According to a conventional narrative, tropical islands are eroding away due to rising seas and increasingly devastating storms. Not really, according to the recent work of Ford and Kench (2016).


Writing as background for their study, the two researchers state that low-lying reef islands are “considered highly vulnerable to the impacts of climate change,” where an “increased frequency and intensification of cyclones and eustatic sea-level rise [via global warming] are expected to accelerate shoreline erosion and destabilize reef islands.” However, they note that much remains to be learned about the drivers of shoreline dynamics on both short- and long-term time scales in order to properly project future changes in low-lying island development. And seeking to provide some of that knowledge, the pair of New Zealand researchers set out to examine historical changes in 87 islands found within the Jaluit Atoll (~6°N, 169.6°E), Republic of the Marshall Islands, over the period 1945–2010. During this time, the islands were subjected to ongoing sea level rise and the passage of a notable typhoon (Ophelia, in 1958), the latter of which caused severe damage with its >100 knot winds and abnormal wave heights.

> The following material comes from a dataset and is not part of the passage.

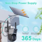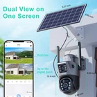 Dual Lens Dual Screen PTZ Outdoor Camera: outdoor camera features dual lenses, including a fixed lens and a rotating 355° horizontal lens with vertical 90° rotation, offering a comprehensive 360° view with minimal blind spots. The dual screen view allows users to switch between the bullet and dome screens with a single click, enabling rapid target identification and stabilization. Additionally, the camera is equipped with 10X digital zoom, allowing users to focus on specific details with precision 2K High-Definition Live Video: This WiFi outdoor security camera equipped with untra-clear lenses, that provides 8MP (4MP + 4MP, 2304*1296P) full HD images and video, offering clear visibility in both day and nighttime conditions. Its intelligent motion alarm feature is designed to provide real-time, accurate alerts in black-and-white mode, enhancing security and monitoring capabilities PIR Motion Detection & 2-Way Talk: This outdoor camera is equipped with a built-in microphone and speaker, enabling real-time, two-way audio communication. The mobile app allows you to deter potential intruders, monitor visitors at your door, and communicate directly with family or friends. The siren, flashing white light, and two-way talk feature collectively provide a deterrent against unwanted visitors and potential theft IP66 Waterproof Protection: This WiFi security camera can be mounted on a wall or ceiling. It is IP66 waterproof and ideal for use in extreme weather. It's perfect for open areas like car parks, garages, driveways, gardens, and front gardens Please note: The security camera only supports 2.4GHZ WiFi networks, not 5GHz. The battery-powered WiFi camera does not support 24/7 continuous recording. It is only capable of live view and motion detection recording. As we use advanced face recognition technology, we recommend avoiding crowded places when using the camera to conserve battery power. If the battery is dead, please use a 5V power adapter to charge the camera( input: 5 volt 1A, do not support 2.4A or 3A )

So what did their examination reveal?


Analyses of aerial photographs and high-resolution satellite imagery indicated that the passage of Typhoon Ophelia caused a decrease in total island land area of approximately five percent, yet Ford and Kench write that “despite [this] significant typhoon-driven erosion and a relaxation period coincident with local sea-level rise, [the] islands have persisted and grown.” Between 1976 and 2006, for example, 73 out of the 87 islands increased in size, and by 2010, the total landmass of the islands had exceeded the pre-typhoon area by nearly 4 percent.


Such observations, in the words of Ford and Kench, suggest an “alternative trajectory” for future reef island development, and that trajectory is one of “continued island expansion rather than one of island withering.” And such expansion is not just limited to Jaluit Atoll, for according to Ford and Kench, “the observations of reef island growth on Jaluit coincident with sea level rise are broadly consistent with observations of reef islands made elsewhere in the Marshall Islands and Pacific (McLean and Kench, 2015).” Given as much, it would thus appear that low-lying islands are not as vulnerable to climate change as previously thought.


 


Reference


Ford, M.R. and Kench, P.S. 2016. Spatiotemporal variability of typhoon impacts and relaxation intervals on Jaluit Atoll, Marshall Islands. Geology 44: 159–162.


McLean, R.F. and Kench, P.S. 2015. Destruction or persistence of coral atoll islands in the face of 20th and 21st century sea level rise? WIRES Climate Change 6: 445–463.